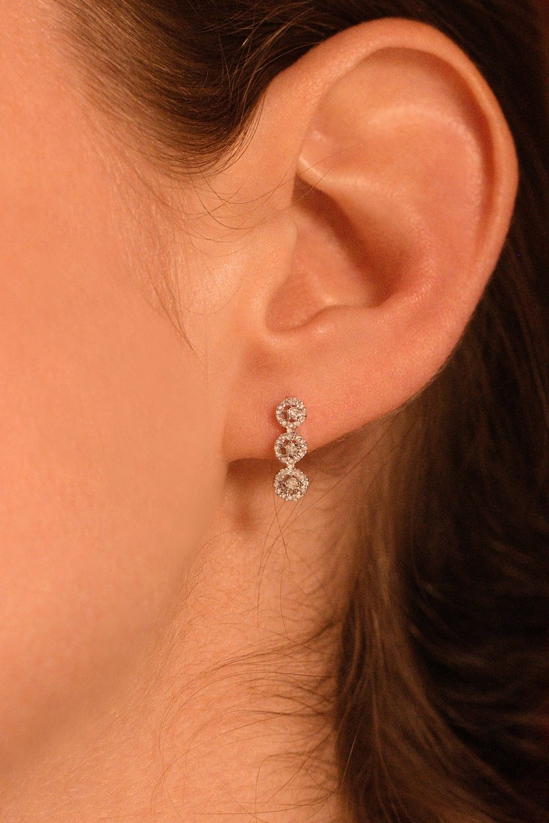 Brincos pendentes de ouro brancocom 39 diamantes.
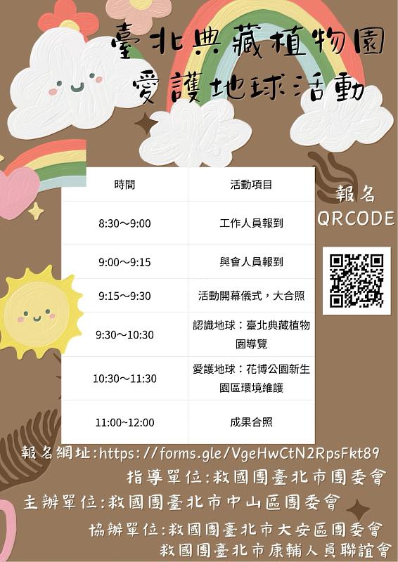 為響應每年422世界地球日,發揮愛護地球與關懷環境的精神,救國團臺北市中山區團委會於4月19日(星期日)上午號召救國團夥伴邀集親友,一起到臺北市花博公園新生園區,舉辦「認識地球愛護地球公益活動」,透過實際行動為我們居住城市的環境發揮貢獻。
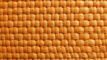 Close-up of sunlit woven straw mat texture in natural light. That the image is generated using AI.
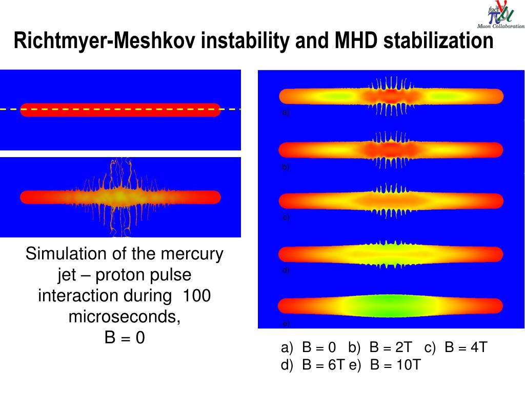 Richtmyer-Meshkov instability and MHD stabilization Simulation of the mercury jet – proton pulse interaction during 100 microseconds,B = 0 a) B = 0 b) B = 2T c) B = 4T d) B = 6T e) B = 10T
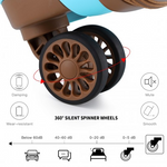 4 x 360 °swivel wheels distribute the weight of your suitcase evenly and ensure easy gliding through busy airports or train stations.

────────────────────────────────────────

● **Task to complete**: Your answer must be the records exactly as they stand, with no pictures in it.

● **Solution for this problem**:
 Brincos pendentes de ouro brancocom 39 diamantes.
 為響應每年422世界地球日,發揮愛護地球與關懷環境的精神,救國團臺北市中山區團委會於4月19日(星期日)上午號召救國團夥伴邀集親友,一起到臺北市花博公園新生園區,舉辦「認識地球愛護地球公益活動」,透過實際行動為我們居住城市的環境發揮貢獻。
 Close-up of sunlit woven straw mat texture in natural light. That the image is generated using AI.
 Richtmyer-Meshkov instability and MHD stabilization Simulation of the mercury jet – proton pulse interaction during 100 microseconds,B = 0 a) B = 0 b) B = 2T c) B = 4T d) B = 6T e) B = 10T
 4 x 360 °swivel wheels distribute the weight of your suitcase evenly and ensure easy gliding through busy airports or train stations.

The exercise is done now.